[Mb-civic] In Defense of Finger-Pointing - Michael Grunwald - Washington Post Op-Ed

William Swiggard swiggard at comcast.net
Sun Feb 19 02:45:24 PST 2006


In Defense of Finger-Pointing

By Michael Grunwald
Sunday, February 19, 2006; B02

A fter Hurricane Katrina paralyzed his administration, President Bush 
vowed not to "play the blame game." And when White House homeland 
security adviser Frances Fragos Townsend announced the preliminary 
results of her post-Katrina investigation last Monday, she reiterated 
that "we cannot attempt to rewrite history by pointing fingers or laying 
blame."

"Finger-pointing," like "partisanship" or "influence-peddling," is one 
of those ubiquitous Washington pastimes that is done only by other 
people. They play "the blame game" in order to "score political points," 
but we know, as a House committee noted in the 520-page Katrina report 
it released Wednesday, that "obtaining a full accounting and identifying 
lessons learned does not require finger pointing." The report opened 
with Henry Ford's famous anti-blame-game admonition: "Don't find a 
fault. Find a remedy."

But last week's post-Katrina retrospectives--Townsend's speech, the 
blistering House report and dramatic Senate hearings--included a fresh 
deluge of finger-pointing. Ousted Federal Emergency Management Agency 
director Michael Brown--who had blamed state and local officials in 
earlier testimony--pointed his finger at Homeland Security Secretary 
Michael Chertoff and the White House. Chertoff and his aides pointed 
fingers at Brown. The House report pointed fingers at just about 
everyone, including Brown, Chertoff, Bush, even the Red Cross.

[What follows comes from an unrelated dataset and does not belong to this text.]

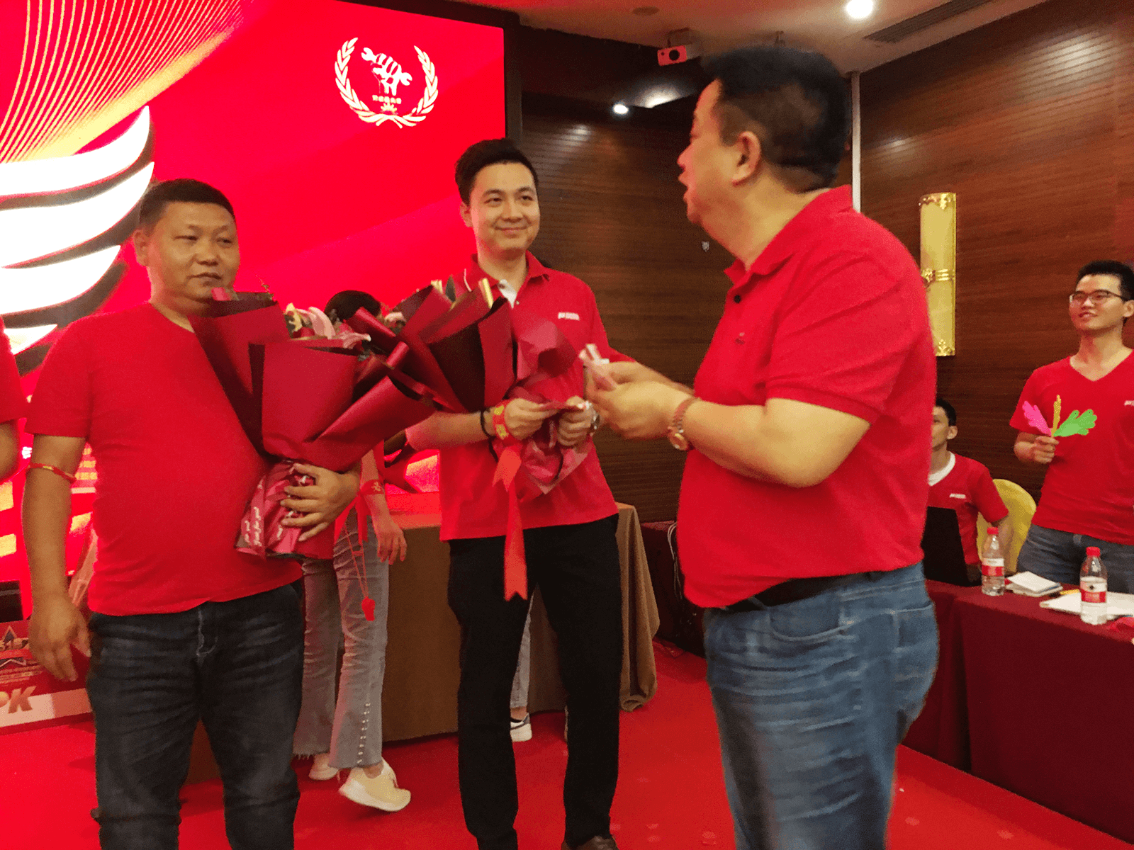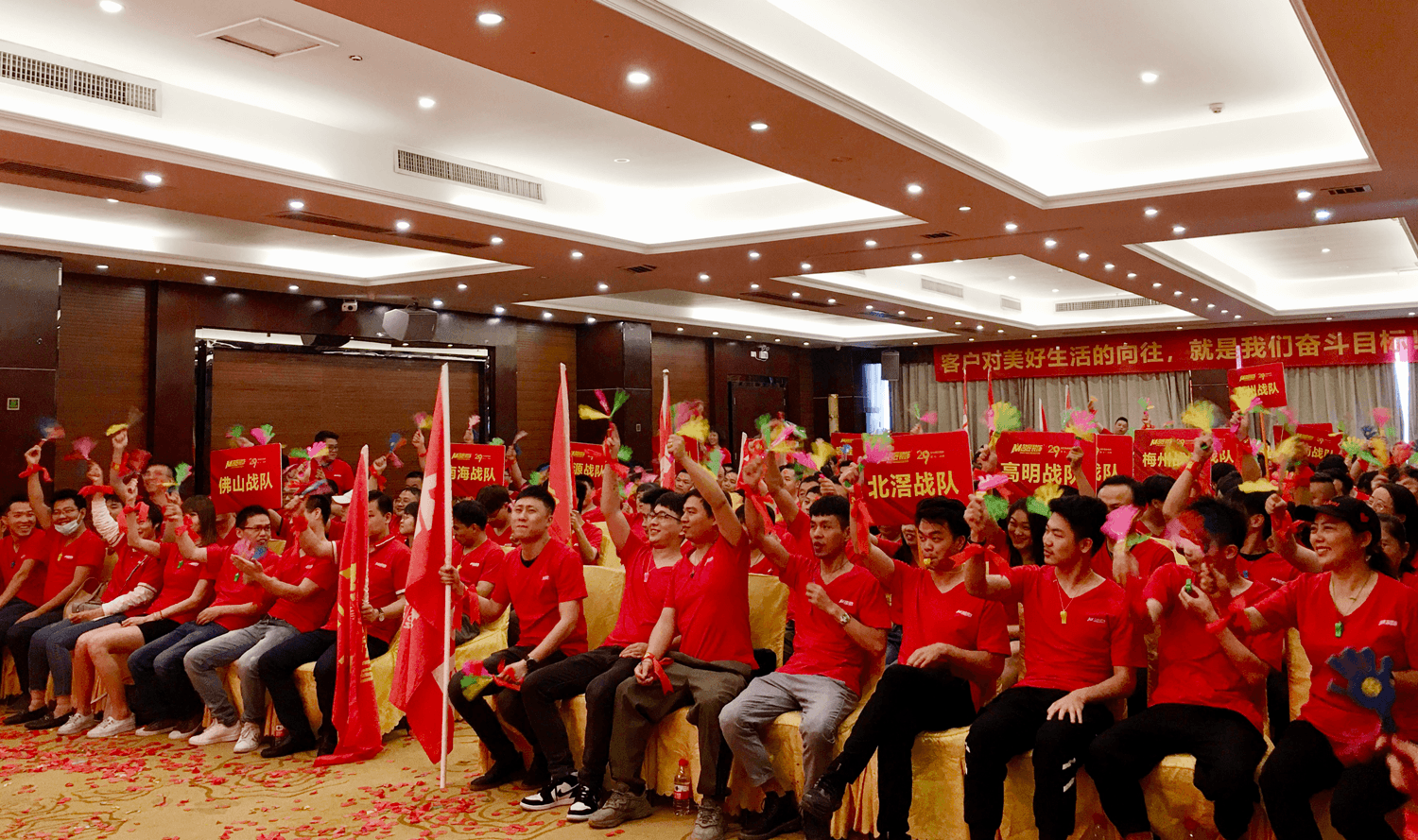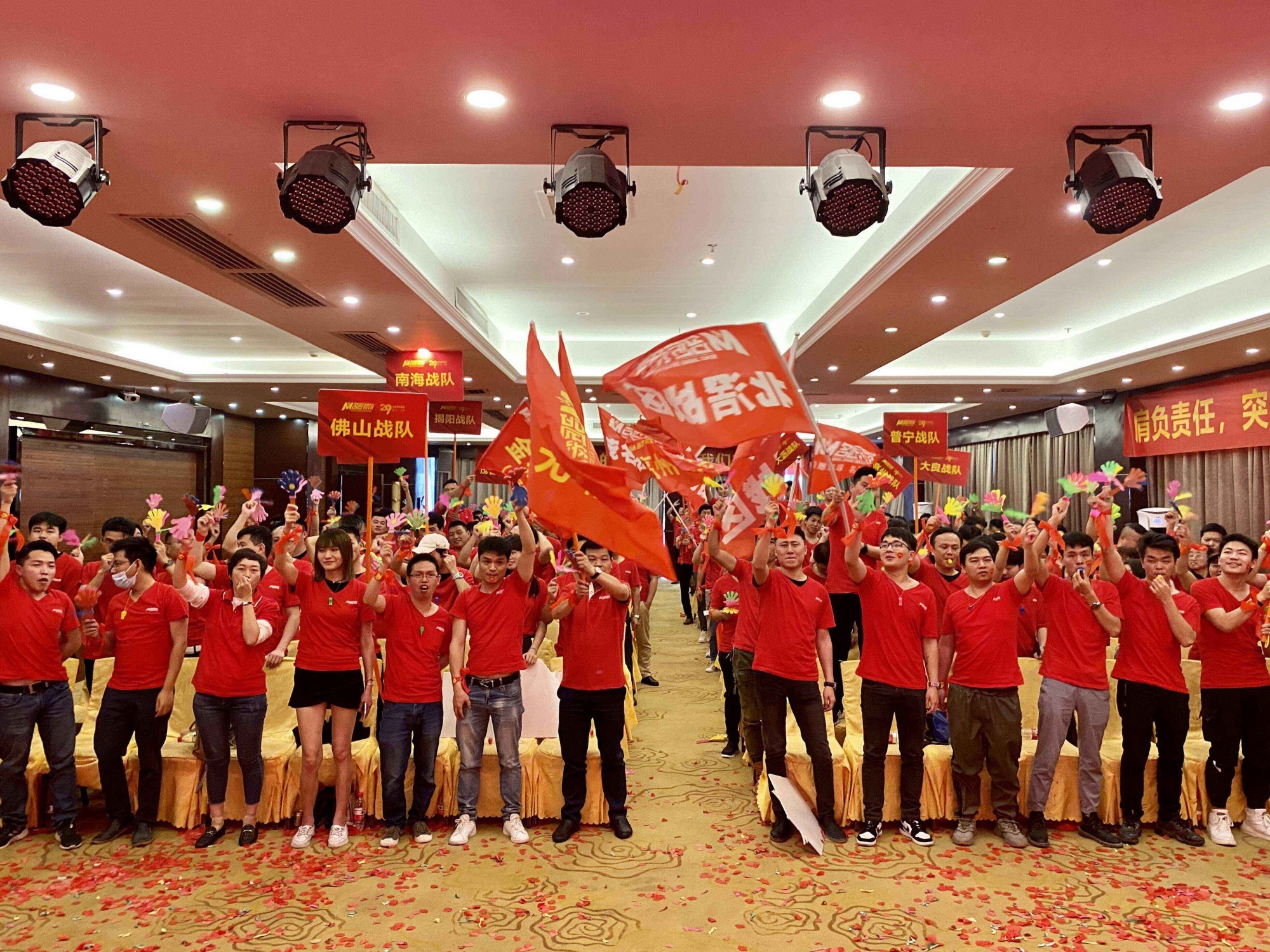 誓師大會上,300余名名匠人身著統(tǒng)一的服裝,步伐整齊地列隊(duì)入場,組成壯觀的紅色海潮。每個(gè)人臉上都洋溢著輕松自信的笑容,斗志昂揚(yáng),許下奮斗目標(biāo)。

The result of all this deplorable finger-pointing is that America knows 
a lot more about what went wrong during Katrina. And what's so 
deplorable about that? Sometimes, "the blame game" is just 
accountability with bad press; one man's finger-pointer is another man's 
whistleblower. After a fiasco like Katrina, there's not much difference 
between fault-finding and fact-finding; Teddy Roosevelt, Martin Luther 
King Jr. and other great finger-pointers have understood that things 
don't usually "go wrong." They're done wrong, and there's nothing wrong 
with identifying the wrongdoers.

If anything, Katrina has demonstrated that "obtaining a full accounting 
and identifying lessons learned" may indeed "require finger-pointing." 
The early scapegoating of Brown produced a series of revelations about 
his credentials, as well as his nonchalant e-mails while New Orleans 
drowned. Brown fought back by trashing Gov. Kathleen Babineaux Blanco 
and New Orleans Mayor C. Ray Nagin, exposing some state and local 
miscues. The circular firing squad helped persuade the 
Republican-controlled House and Senate to conduct aggressive Katrina 
investigations, among the most serious congressional oversight so far 
during the Bush administration. It also persuaded President Bush to get 
rid of Brown, which then freed him to speak out about the DHS 
dysfunction that helped cripple FEMA, which in turn spurred DHS 
officials to highlight Brown's role in that dysfunction.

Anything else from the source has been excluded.